In recent times, the English composer Henry Purcell was most widely known for a piece he didn’t write -- the “Trumpet Voluntary,” which dates from 1700, five years after his death from tuberculosis at age 37. (Maybe he was the ghost writer?) At the end of his life, he was the Stephen Sondheim of his time,  his country’s foremost composer for the theater, including incidental music and songs for many plays and one full-fledged opera, the masterful “Dido and Aeneas.” But near the start of his career, at age 22, he dashed off a remarkable series of fantasies in the then-old-fashioned polyphonic style for three and four viols. (A viol is a six-stringed, fretted instrument related to the guitar, but made in several sizes, played with a bow, and held upright between the player’s legs, like a cello.
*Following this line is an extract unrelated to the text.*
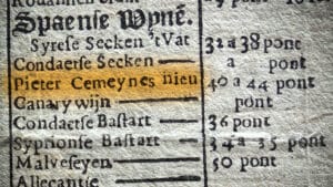 The oldest Spanish mention of the grape dates back to 1618. A text by the Spanish writer Vicente Espinel talks of a famous Pedro Ximénez de Malaga wine. However an even older reference was discovered in The Netherlands. Just a few years ago Mariella Beukers (in her book Wijnkronieken) discovered a pricelist used in the Amsterdam wine market in 1609. Surprisingly, this already mentions a wine called Pieter Cemeynes (image to the right). Another document from 1628 mentions Pieters Semeijnen as the best wine in a Rotterdam cellar. Dutch writers believe they can link the grape to Pieter Symonsz, a trader from Rotterdam who travelled to Cordoba around 1600.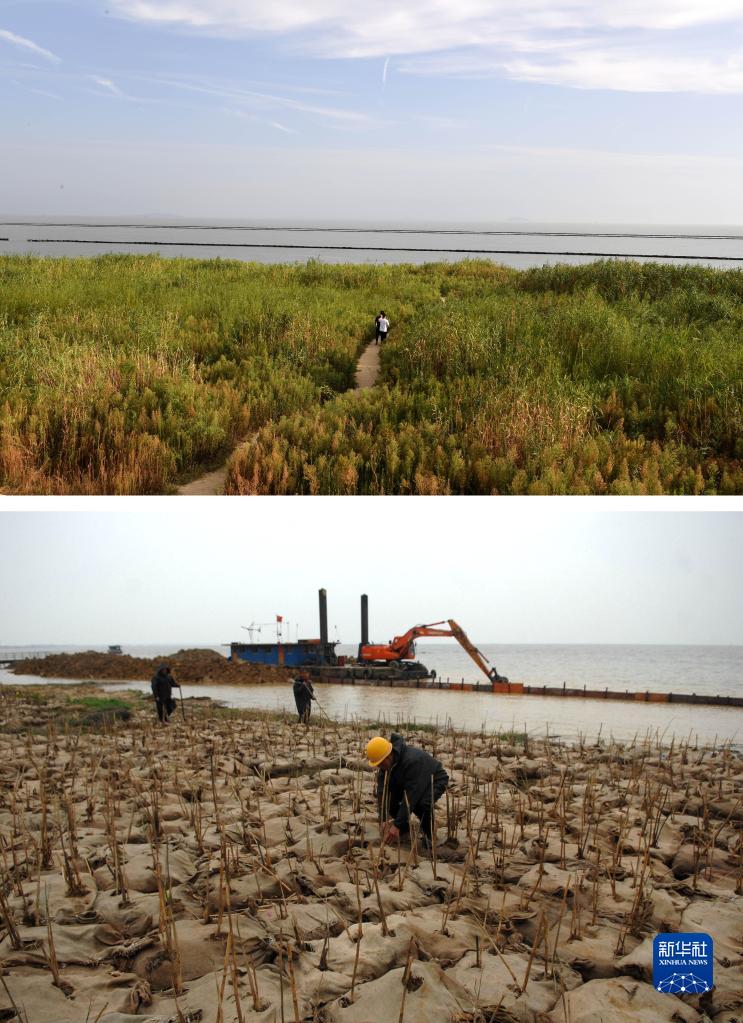 這是一張拼版照片:上圖為2022年9月6日拍攝的巢湖岸邊的蘆葦濕地(新華社記者劉軍喜攝);下圖為2010年4月6日拍攝的工作人員在巢湖岸邊種植蘆葦。

In Italy, it’s called a viola da gamba.)

The six members of the English ensemble Fretwork, joined by mezzo-soprano Clare Wilkinson, visited on Jan. 18 with an all-Purcell program, including the 12 fantasies for viols of 1680, several songs and the famous lament of Dido from “Dido and Aeneas.” The San Antonio Chamber Music Society presented the concert at Temple Beth-El.

Playing in various combinations, Fretwork impressed with impeccable intonation, deft technique, clear delineation of voices and deep appreciation for both the antiquarian and progressive aspects of the music: Though the fantasies of 1680 looked backward to the compositional technique of Renaissance polyphony, they also anticipated Purcell’s later theatrical music, and indeed the music of a century later, with highly sophisticated, often surprising melodic contours and, in quick passages, restless energy.

Wilkinson, for the most part, exemplified the pure, organlike, non-vibrato vocal style of the period, and the highest standard of historically informed performance. (A bit of vibrato crept into some sustained notes in the upper middle register, paradoxically giving those patches a bland quality.) Her pitch control was extraordinary, and her phrasing and dynamics always conveyed what the texts were about. Most remarkable was the click-stop precision of her shifts from note to note. Wilkinson's contributions included, along with Dido's Lament, the songs "In Love's a Sweet Passion," "Sweeter than Roses," "O Solitude" and "Music for a While." Too short a while.